**Problem:** Copy exactly the line containing "العاهل السعودي الملك" and all the lines that follow it to the end of the records, minus the pictures.

**Supplied material:**
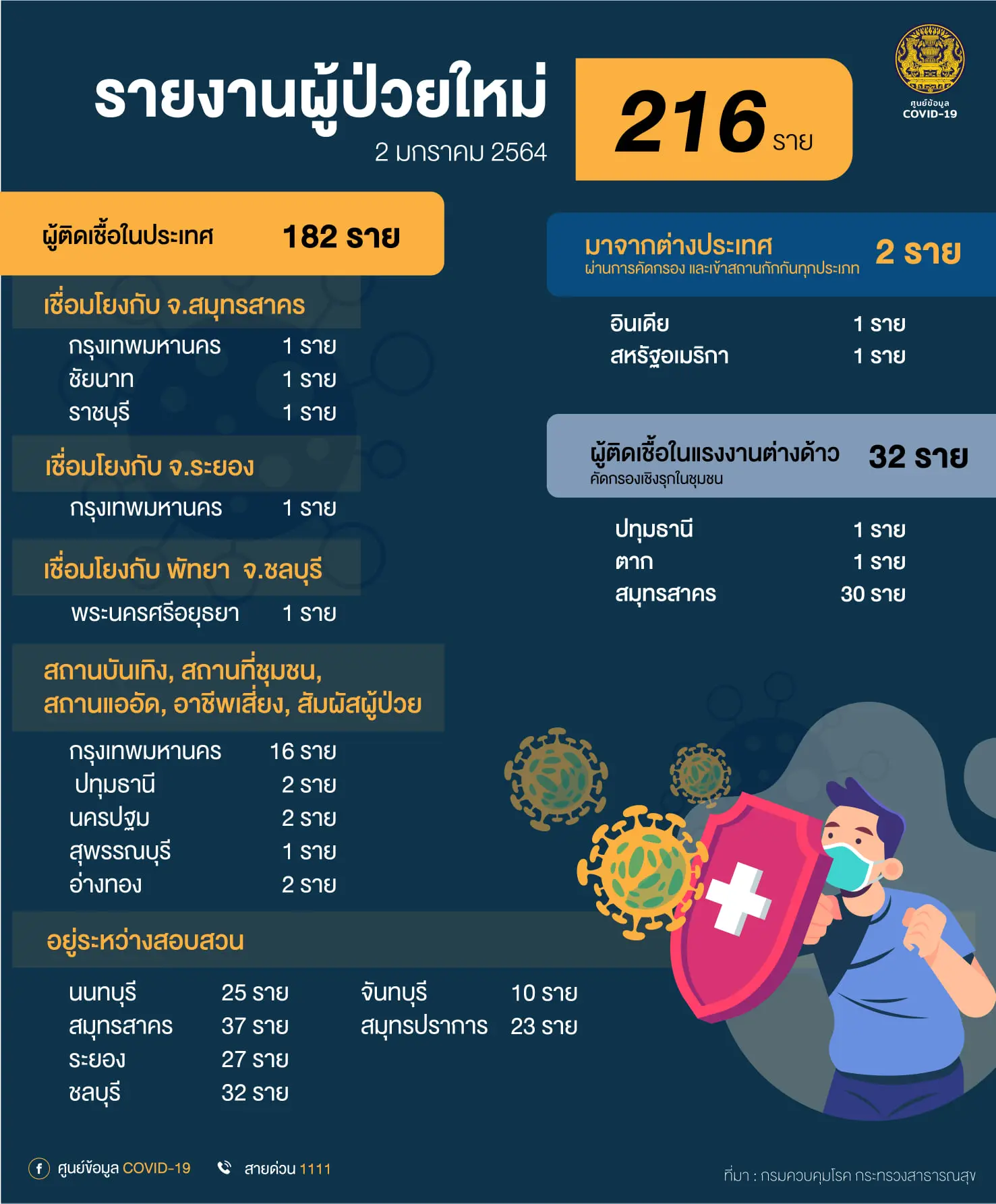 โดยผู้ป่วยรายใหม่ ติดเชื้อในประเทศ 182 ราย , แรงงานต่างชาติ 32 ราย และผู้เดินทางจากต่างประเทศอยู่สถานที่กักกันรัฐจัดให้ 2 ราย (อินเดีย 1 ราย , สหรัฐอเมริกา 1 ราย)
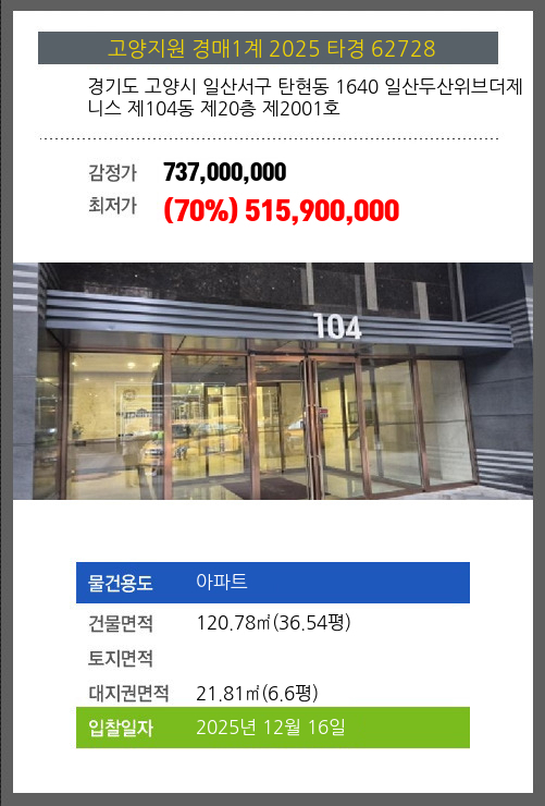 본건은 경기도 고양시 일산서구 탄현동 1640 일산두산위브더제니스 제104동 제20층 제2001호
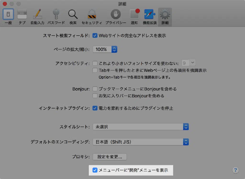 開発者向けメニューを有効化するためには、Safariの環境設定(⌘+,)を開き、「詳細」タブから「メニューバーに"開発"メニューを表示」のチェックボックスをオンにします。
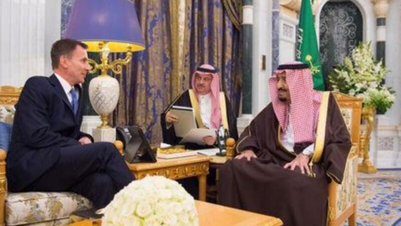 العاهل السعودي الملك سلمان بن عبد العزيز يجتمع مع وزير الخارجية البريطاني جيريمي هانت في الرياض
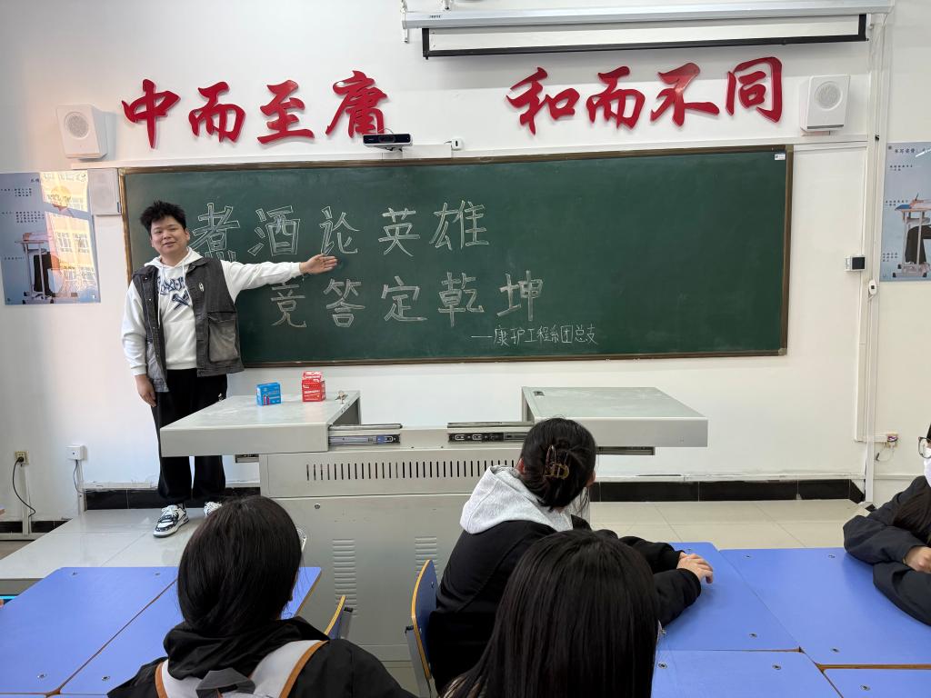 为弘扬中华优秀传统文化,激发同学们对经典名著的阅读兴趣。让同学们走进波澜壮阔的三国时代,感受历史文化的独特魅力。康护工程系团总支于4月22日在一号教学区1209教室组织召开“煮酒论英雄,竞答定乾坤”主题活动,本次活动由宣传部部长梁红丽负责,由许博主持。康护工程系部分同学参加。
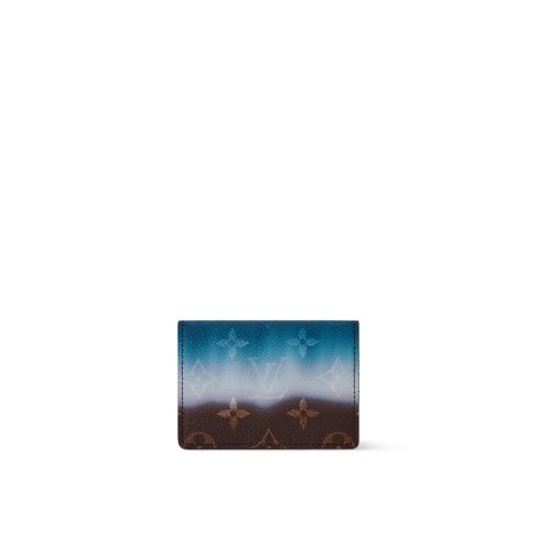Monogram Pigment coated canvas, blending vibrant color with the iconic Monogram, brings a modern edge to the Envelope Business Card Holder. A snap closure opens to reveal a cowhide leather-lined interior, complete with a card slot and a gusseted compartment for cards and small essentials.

**Written response:**
 العاهل السعودي الملك سلمان بن عبد العزيز يجتمع مع وزير الخارجية البريطاني جيريمي هانت في الرياض
 为弘扬中华优秀传统文化,激发同学们对经典名著的阅读兴趣。让同学们走进波澜壮阔的三国时代,感受历史文化的独特魅力。康护工程系团总支于4月22日在一号教学区1209教室组织召开“煮酒论英雄,竞答定乾坤”主题活动,本次活动由宣传部部长梁红丽负责,由许博主持。康护工程系部分同学参加。
Monogram Pigment coated canvas, blending vibrant color with the iconic Monogram, brings a modern edge to the Envelope Business Card Holder. A snap closure opens to reveal a cowhide leather-lined interior, complete with a card slot and a gusseted compartment for cards and small essentials.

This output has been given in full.